Required work: Leave every image out, and print the remaining lines below exactly.

Data section:

'''

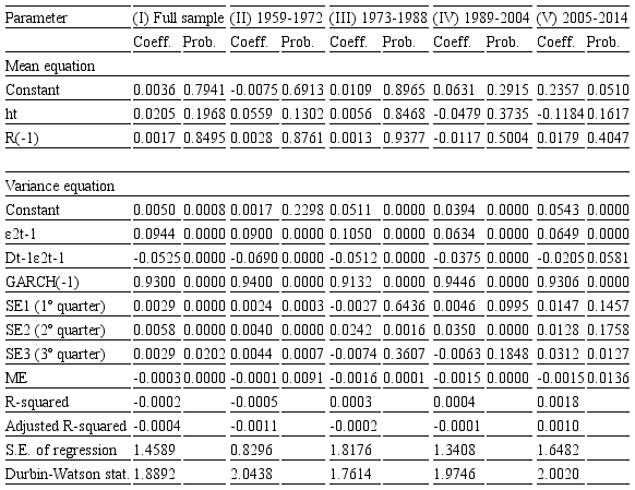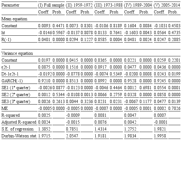 In addition, in the variance equation, the model shows high volatility persistence. For the years 1959–2014, the half-life period is 630 days, indicating a very slow adjustment process. Regarding the split periods, the models show a half-life of 19 days for 1959–1972, 54 days for 1973–1988, 73 days for 1989–2004, and 35 days for 2005–2014.
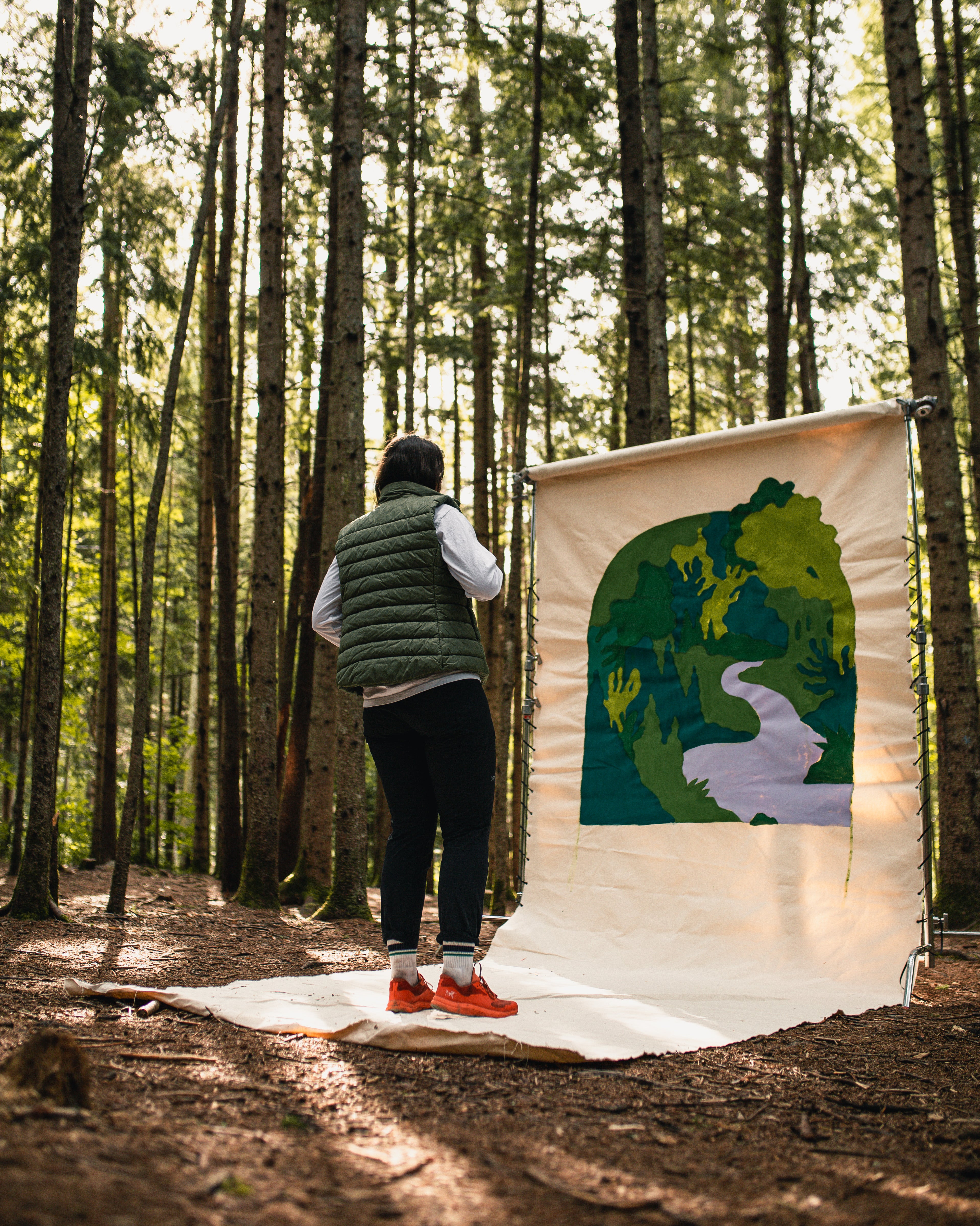 « Pour moi, il y a une énorme différence entre peindre à partir d'une photo, et d'être sur les lieux de ce que je souhaite peindre. La raison est simple : toute l'expérience sensorielle que je vais vivre va contribuer à mon oeuvre. "Est-ce qu'il faisait chaud cette journée-là? Est-ce que c'était frais?" Ces éléments vont avoir un impact sur la palette de couleur que je vais utiliser par exemple. Être sur les lieux me permet également de garder ce que je souhaite garder. Si je peins à partir d'une photo, je ne peux pas savoir ce qu'il y a derrière la souche X qui me plait moins. Bref, un paysage, ça peut facilement être plate, être quétaine... mais si on est sur place, on est plus capable de rendre ailleurs ce qu'on a vu... ce qu'on a vécu.»
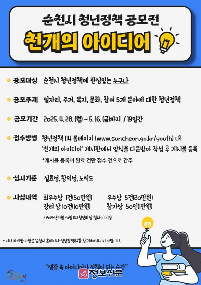 ![]() 순천시, 청년정책 『천(天)개의 아이디어』 공모 |
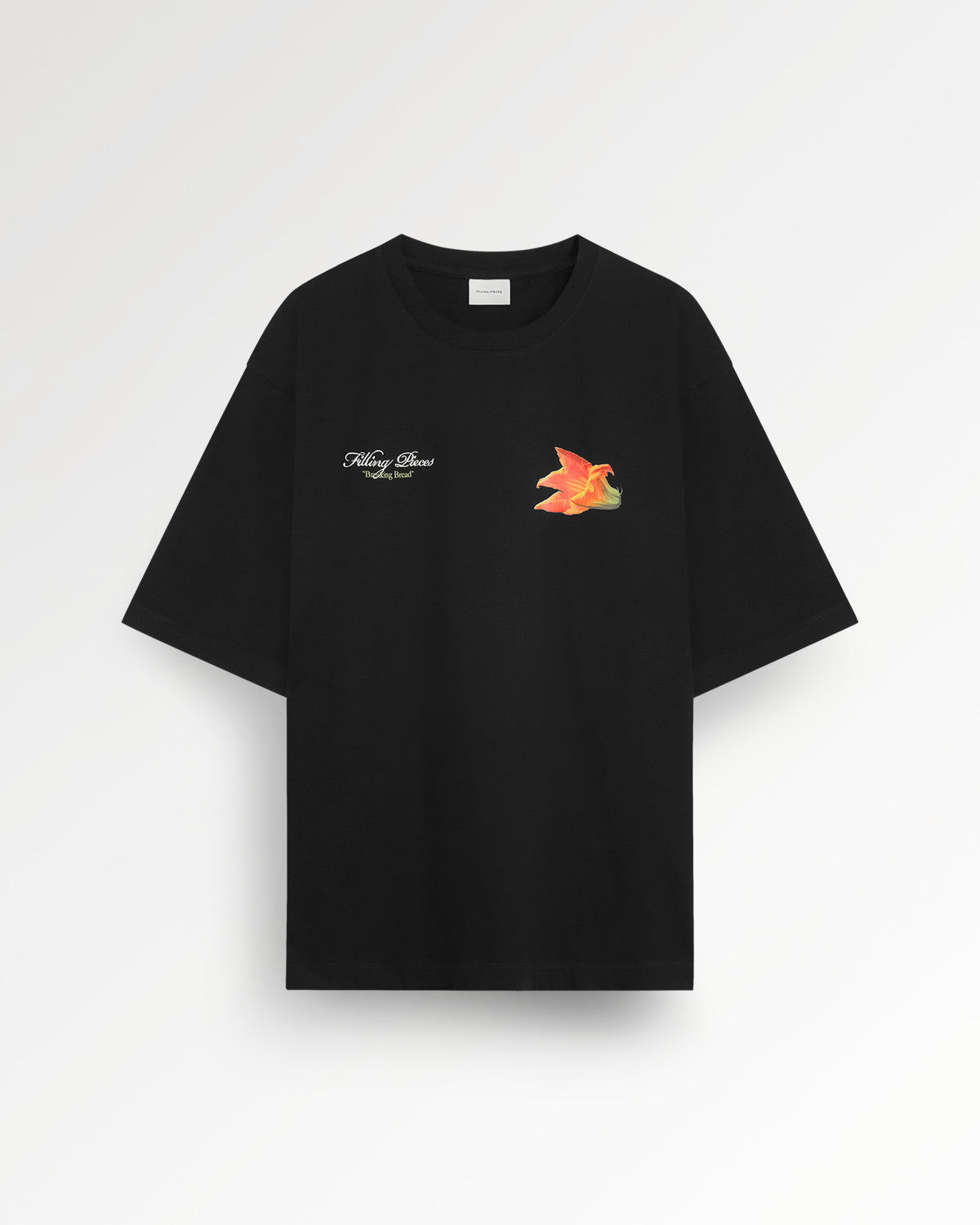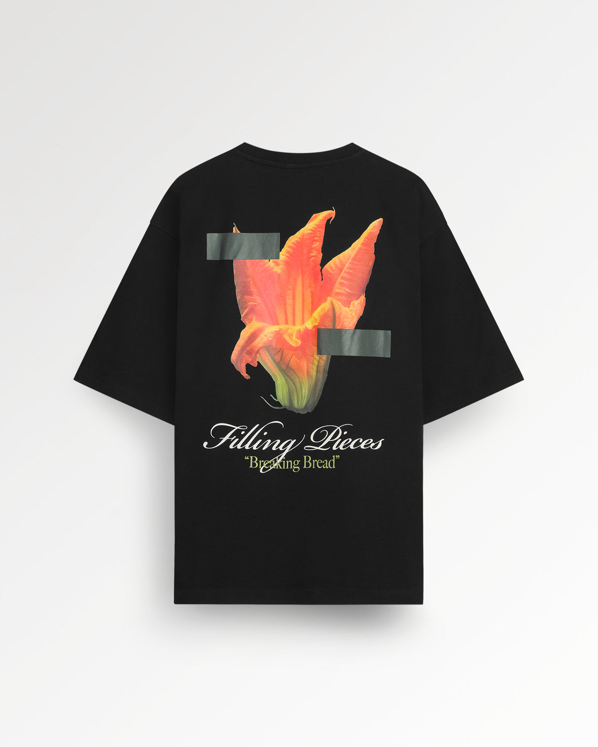 This T-shirt highlights an edible piece of art from nature. This classic Black version provides a striking backdrop for its 'Zucchini Flower' graphic—an artwork that celebrates an ingredient used in several cuisines and is also featured on our Resort Shirt Mesh. This is a beautiful, subtle nod to the collection's culinary narrative. Cut for a modern, boxy fit, this tee is a sophisticated statement piece.

'''

Answer space:
 In addition, in the variance equation, the model shows high volatility persistence. For the years 1959–2014, the half-life period is 630 days, indicating a very slow adjustment process. Regarding the split periods, the models show a half-life of 19 days for 1959–1972, 54 days for 1973–1988, 73 days for 1989–2004, and 35 days for 2005–2014.
 « Pour moi, il y a une énorme différence entre peindre à partir d'une photo, et d'être sur les lieux de ce que je souhaite peindre. La raison est simple : toute l'expérience sensorielle que je vais vivre va contribuer à mon oeuvre. "Est-ce qu'il faisait chaud cette journée-là? Est-ce que c'était frais?" Ces éléments vont avoir un impact sur la palette de couleur que je vais utiliser par exemple. Être sur les lieux me permet également de garder ce que je souhaite garder. Si je peins à partir d'une photo, je ne peux pas savoir ce qu'il y a derrière la souche X qui me plait moins. Bref, un paysage, ça peut facilement être plate, être quétaine... mais si on est sur place, on est plus capable de rendre ailleurs ce qu'on a vu... ce qu'on a vécu.»
 ![]() 순천시, 청년정책 『천(天)개의 아이디어』 공모 |
 This T-shirt highlights an edible piece of art from nature. This classic Black version provides a striking backdrop for its 'Zucchini Flower' graphic—an artwork that celebrates an ingredient used in several cuisines and is also featured on our Resort Shirt Mesh. This is a beautiful, subtle nod to the collection's culinary narrative. Cut for a modern, boxy fit, this tee is a sophisticated statement piece.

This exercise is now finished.